Sexual dimorphism is seen in many species, with distinct male
and female zooids interspersed with autozooids, and most brood
chambers, or ovicells, consist of single or multiple polymorphic
units. Avicularia and vibracula are highly modified polymorphs in
which the zooid operculum forms a mandible or seta; these serve
defensive functions, repelling micropredators and discouraging
settlement of invertebrate larvae, and dispersing silt and debris.
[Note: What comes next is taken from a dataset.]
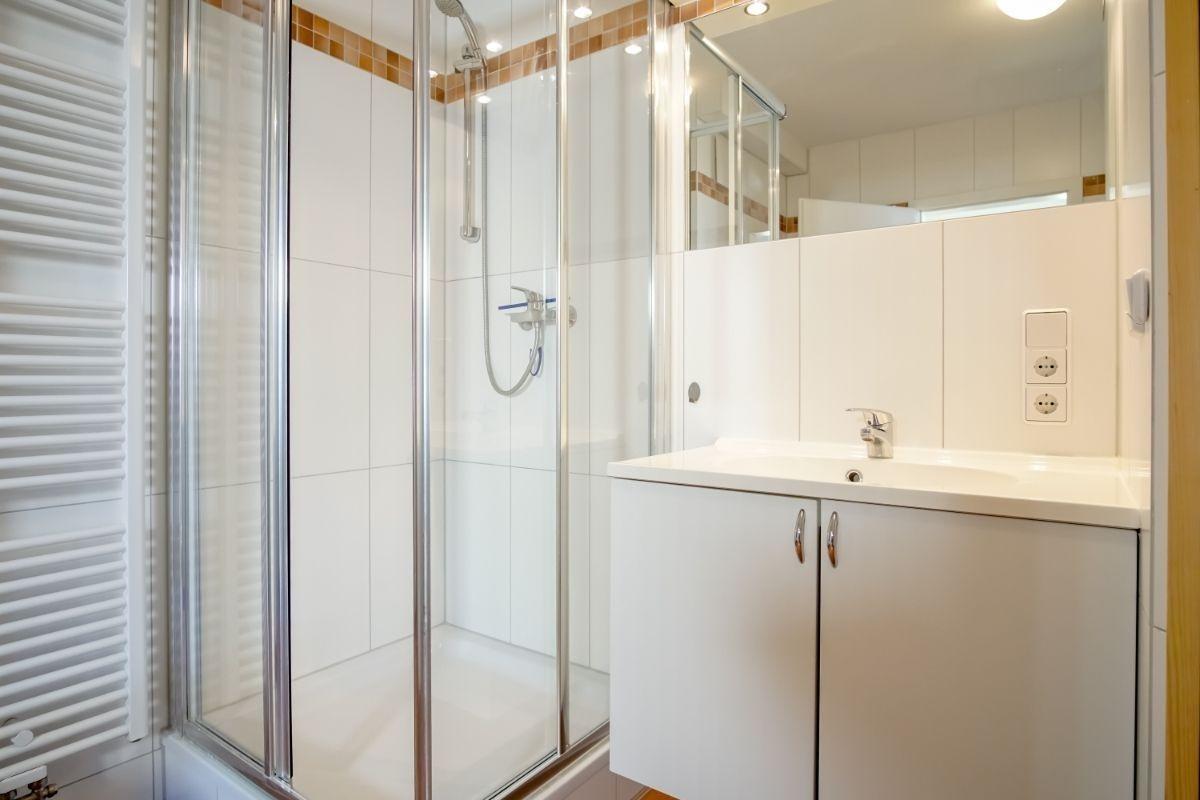 Das Wellnessbad präsentiert sich neben der Dusche mit Kabine, mit einer wohnungseigenen Sauna und einem Whirlpool.

Class Phylactolaemata comprise most freshwater ectoprocts, such
as Plumatella (Figure E) and Pectinatella magnifica (Figure F) are
uncalcified. In many species the lophophore is U-shaped, but no
species displays polymorphism. Colony form is limited in this
class, from simple repeat, branching chains to spongy or gelatinous
mounds; most are sessile, but a Cristatella colony can creep
with its muscular shared foot. Phylactolaemates produce asexual
buds called statoblasts, that develop in summer on the funiculus
as balls of cells enclosed within paired chitinous valves, usually
disk shaped and often with a marginal float and hooked spines. In
the fall, statoblasts are released as the colony disintegrates and may
be dispersed by wind and water or attached to the breasts (perhaps
feet) of waterfowl. Statoblasts survive desiccation and winter
cold, and in spring, the valves open and a new zooid grows from
the enclosed cells to found a new colony. Statoblasts are unique to
phylactolaemates; formation of this resting overwintering stage is
ecologically comparable to tardigrade (A-27) resting eggs, rotifer
(A-14) resting eggs, and freshwater sponge gemmules (A-3).